▶ _WHAT IS REQUIRED_: Reproduce the listing below as it stands. Leave out each image.

▶ _STORED DATA_:

--------------------

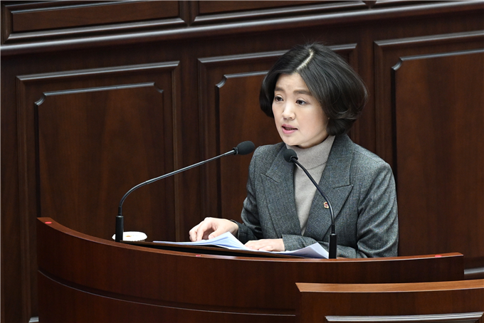 | ▲ 김효정 부산시의원(국민의힘/덕천ㆍ만적)이 시정질문을 진행하고 있다.(촬영:부산시의회) |
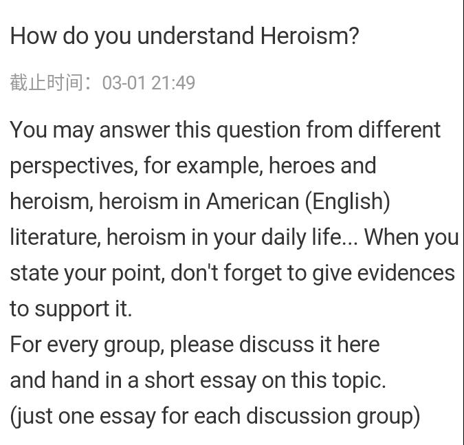 课后,老师让我们结合本节课所学知识,以小组形式书写一篇议论文,来发表我们自己对英雄气概的看法。
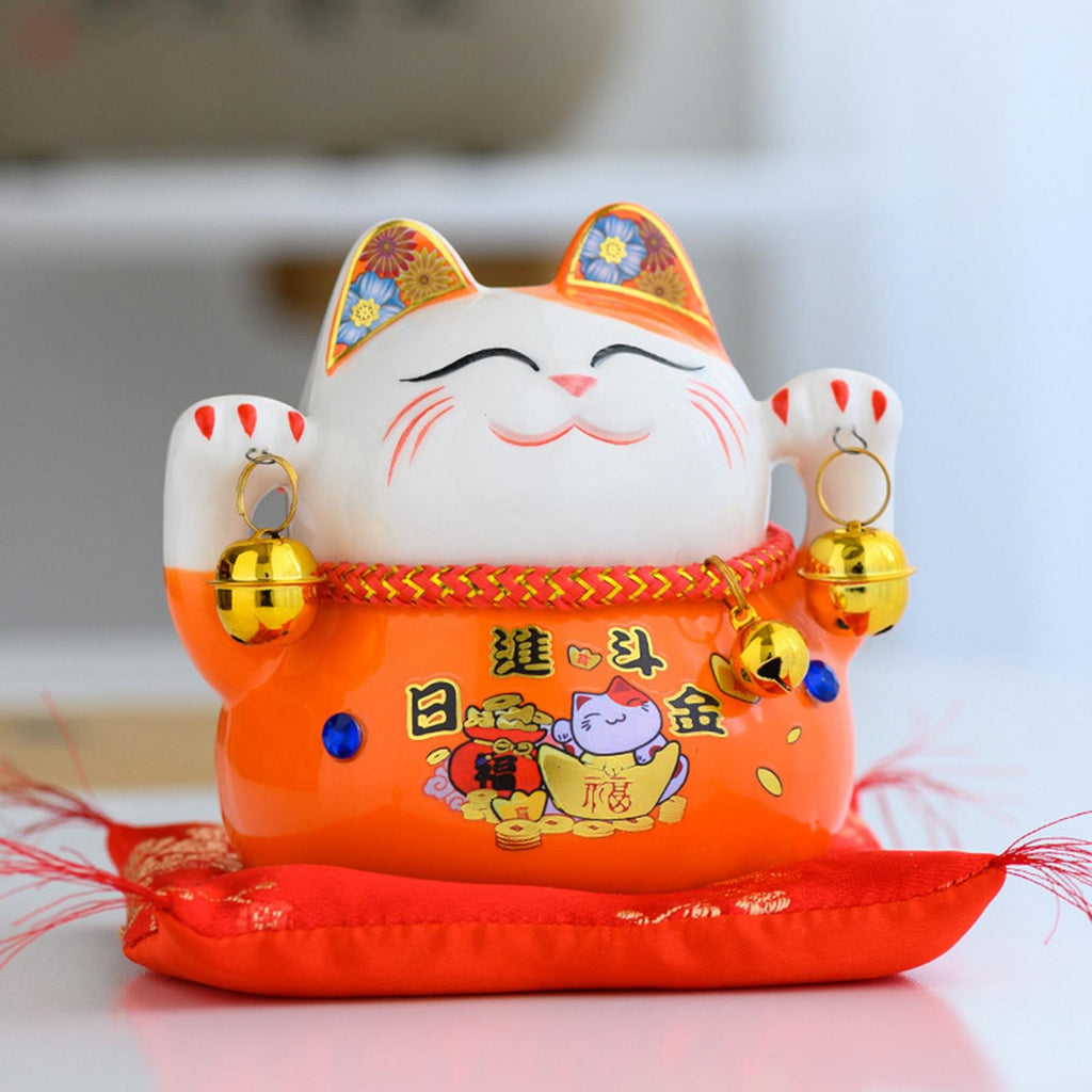 Maxbell Lucky Cat Statue Piggy Bank Animal Sculpture for New Year Decoration Orange

--------------------

▶ _TASK SOLUTION_:
 | ▲ 김효정 부산시의원(국민의힘/덕천ㆍ만적)이 시정질문을 진행하고 있다.(촬영:부산시의회) |
 课后,老师让我们结合本节课所学知识,以小组形式书写一篇议论文,来发表我们自己对英雄气概的看法。
 Maxbell Lucky Cat Statue Piggy Bank Animal Sculpture for New Year Decoration Orange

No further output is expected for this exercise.